_Exercise inputs_

==================================================

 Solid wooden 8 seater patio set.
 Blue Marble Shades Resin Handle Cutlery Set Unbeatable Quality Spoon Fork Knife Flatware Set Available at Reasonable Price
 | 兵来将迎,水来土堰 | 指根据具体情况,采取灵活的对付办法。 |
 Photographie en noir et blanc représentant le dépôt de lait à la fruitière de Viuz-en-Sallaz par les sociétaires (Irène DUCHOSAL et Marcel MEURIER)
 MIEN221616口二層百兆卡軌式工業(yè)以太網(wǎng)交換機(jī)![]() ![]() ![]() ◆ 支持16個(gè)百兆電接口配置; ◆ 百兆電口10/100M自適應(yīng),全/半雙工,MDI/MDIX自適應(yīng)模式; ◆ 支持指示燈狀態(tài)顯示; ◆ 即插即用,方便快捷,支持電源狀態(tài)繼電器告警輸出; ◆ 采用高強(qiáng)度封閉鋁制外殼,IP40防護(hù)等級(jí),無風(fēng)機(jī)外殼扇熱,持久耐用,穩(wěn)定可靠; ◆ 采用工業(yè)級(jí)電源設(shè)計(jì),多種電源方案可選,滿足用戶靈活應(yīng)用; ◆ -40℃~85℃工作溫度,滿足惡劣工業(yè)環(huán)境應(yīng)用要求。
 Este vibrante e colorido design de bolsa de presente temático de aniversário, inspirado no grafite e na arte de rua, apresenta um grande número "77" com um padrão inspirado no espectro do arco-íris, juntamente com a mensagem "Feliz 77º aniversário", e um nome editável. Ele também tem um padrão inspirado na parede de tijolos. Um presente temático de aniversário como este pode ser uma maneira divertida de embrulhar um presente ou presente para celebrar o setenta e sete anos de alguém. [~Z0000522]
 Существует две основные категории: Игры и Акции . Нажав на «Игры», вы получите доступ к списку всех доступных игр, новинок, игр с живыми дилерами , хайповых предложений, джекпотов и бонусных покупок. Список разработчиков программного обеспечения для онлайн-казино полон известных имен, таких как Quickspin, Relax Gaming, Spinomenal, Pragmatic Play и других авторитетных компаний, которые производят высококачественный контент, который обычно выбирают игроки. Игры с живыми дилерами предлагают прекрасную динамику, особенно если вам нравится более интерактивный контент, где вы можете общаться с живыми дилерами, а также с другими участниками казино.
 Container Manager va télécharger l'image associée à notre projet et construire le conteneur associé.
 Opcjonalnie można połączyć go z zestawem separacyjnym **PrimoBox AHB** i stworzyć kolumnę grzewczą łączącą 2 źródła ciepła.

==================================================

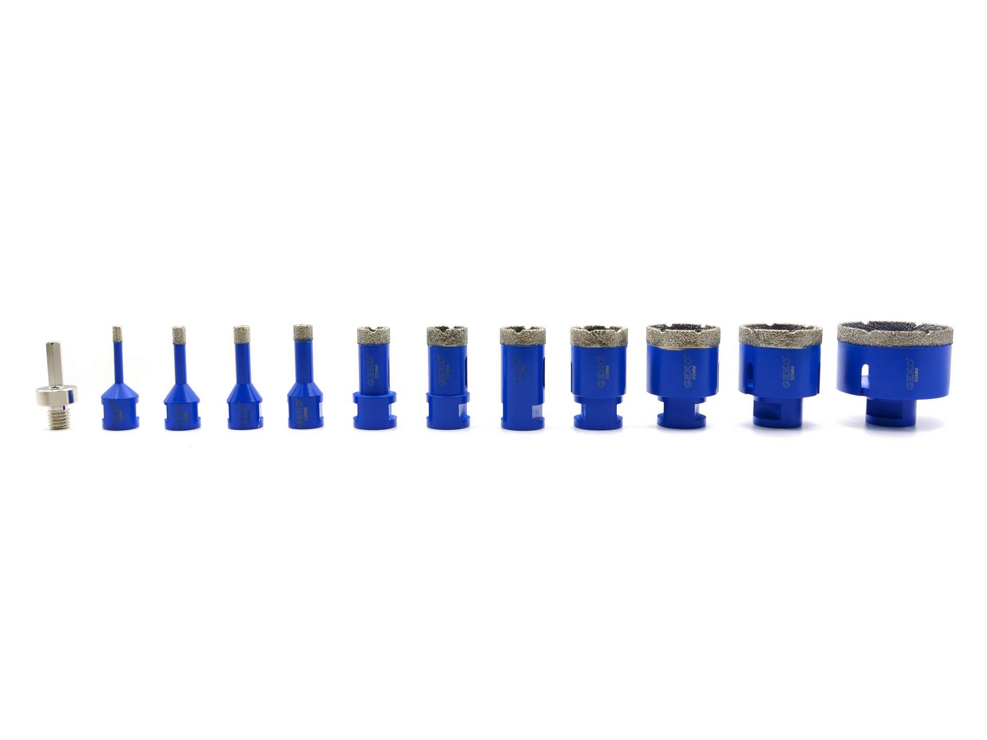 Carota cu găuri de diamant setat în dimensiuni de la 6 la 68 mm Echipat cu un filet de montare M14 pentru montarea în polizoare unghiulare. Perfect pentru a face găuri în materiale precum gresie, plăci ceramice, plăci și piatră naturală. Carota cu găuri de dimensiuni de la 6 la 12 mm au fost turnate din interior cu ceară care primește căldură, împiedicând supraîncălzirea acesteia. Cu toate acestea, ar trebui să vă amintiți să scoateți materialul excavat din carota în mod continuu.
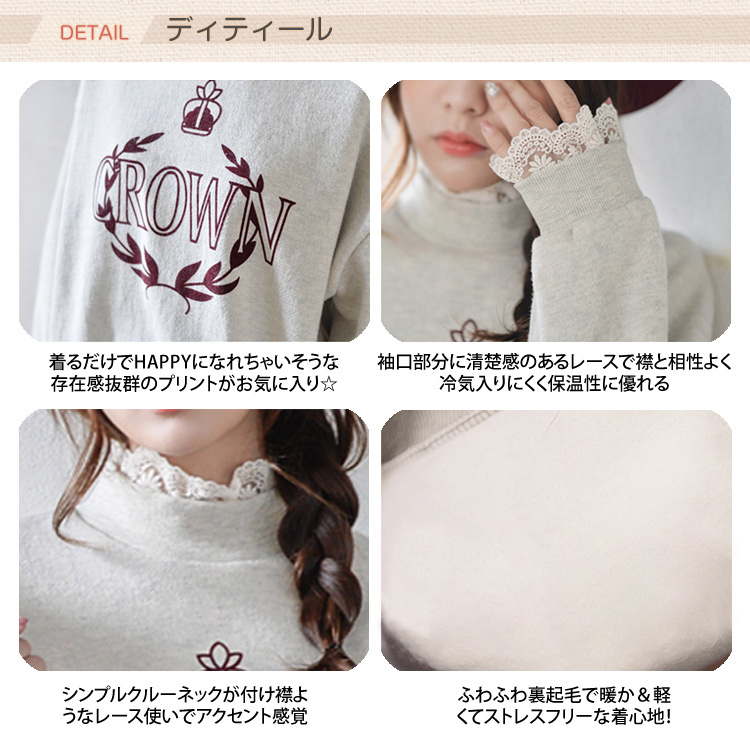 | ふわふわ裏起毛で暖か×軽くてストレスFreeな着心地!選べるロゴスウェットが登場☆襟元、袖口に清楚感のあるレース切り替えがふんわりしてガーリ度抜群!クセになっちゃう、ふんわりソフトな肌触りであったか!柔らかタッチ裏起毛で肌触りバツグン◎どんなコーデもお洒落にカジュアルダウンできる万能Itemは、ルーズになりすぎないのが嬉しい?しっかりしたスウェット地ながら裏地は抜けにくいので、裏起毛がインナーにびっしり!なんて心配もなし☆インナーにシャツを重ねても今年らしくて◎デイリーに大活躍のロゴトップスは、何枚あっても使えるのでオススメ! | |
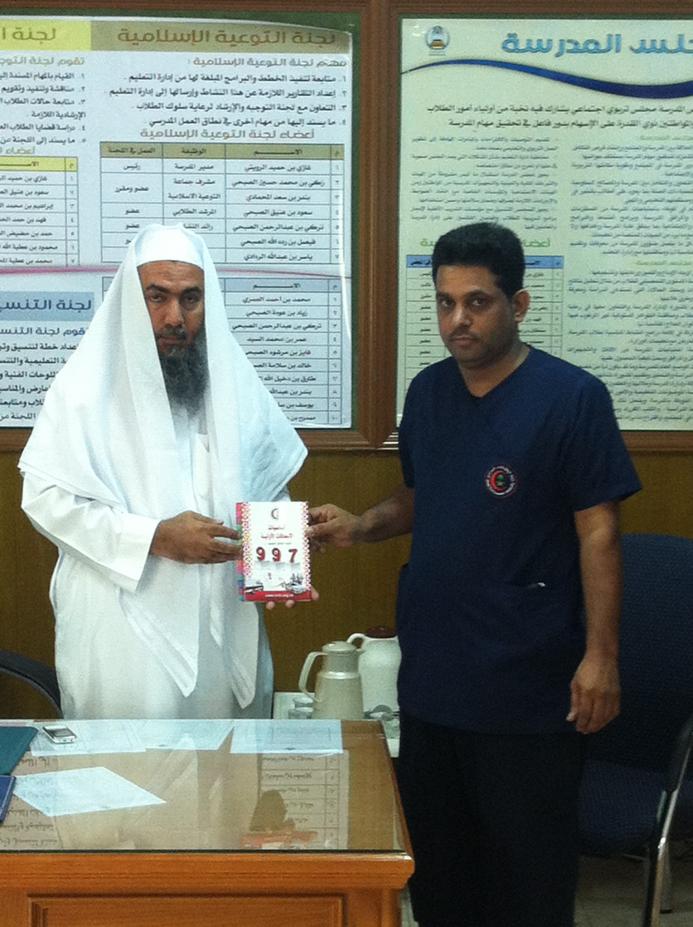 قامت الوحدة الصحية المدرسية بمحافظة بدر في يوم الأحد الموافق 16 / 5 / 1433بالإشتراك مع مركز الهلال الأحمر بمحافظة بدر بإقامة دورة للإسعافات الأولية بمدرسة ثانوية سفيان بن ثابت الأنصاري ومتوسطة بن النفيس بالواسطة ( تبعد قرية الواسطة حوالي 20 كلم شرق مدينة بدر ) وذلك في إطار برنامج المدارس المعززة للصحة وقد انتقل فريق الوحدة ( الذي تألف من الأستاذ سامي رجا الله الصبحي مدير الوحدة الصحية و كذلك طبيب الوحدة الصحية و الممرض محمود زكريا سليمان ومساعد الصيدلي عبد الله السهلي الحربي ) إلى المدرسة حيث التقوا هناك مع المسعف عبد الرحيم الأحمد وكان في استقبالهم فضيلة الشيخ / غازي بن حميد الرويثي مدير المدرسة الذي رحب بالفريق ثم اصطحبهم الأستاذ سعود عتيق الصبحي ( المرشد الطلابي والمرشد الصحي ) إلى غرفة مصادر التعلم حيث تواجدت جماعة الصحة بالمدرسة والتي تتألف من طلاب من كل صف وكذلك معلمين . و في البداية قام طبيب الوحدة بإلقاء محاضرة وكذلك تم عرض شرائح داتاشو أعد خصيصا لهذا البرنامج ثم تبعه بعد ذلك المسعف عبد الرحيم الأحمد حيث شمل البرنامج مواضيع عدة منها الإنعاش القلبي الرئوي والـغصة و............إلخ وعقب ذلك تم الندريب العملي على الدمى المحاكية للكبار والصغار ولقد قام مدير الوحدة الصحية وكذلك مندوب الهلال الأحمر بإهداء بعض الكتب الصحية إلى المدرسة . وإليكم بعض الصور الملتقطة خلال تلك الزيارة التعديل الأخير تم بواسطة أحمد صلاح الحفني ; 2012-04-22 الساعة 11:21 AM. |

==================================================

_Work required_
What you return must be the lines above that run from the line with "Существует две основные" to the line with "Container Manager va", inclusive, each copied exactly.

_Solution to this problem_
 Существует две основные категории: Игры и Акции . Нажав на «Игры», вы получите доступ к списку всех доступных игр, новинок, игр с живыми дилерами , хайповых предложений, джекпотов и бонусных покупок. Список разработчиков программного обеспечения для онлайн-казино полон известных имен, таких как Quickspin, Relax Gaming, Spinomenal, Pragmatic Play и других авторитетных компаний, которые производят высококачественный контент, который обычно выбирают игроки. Игры с живыми дилерами предлагают прекрасную динамику, особенно если вам нравится более интерактивный контент, где вы можете общаться с живыми дилерами, а также с другими участниками казино.
 Container Manager va télécharger l'image associée à notre projet et construire le conteneur associé.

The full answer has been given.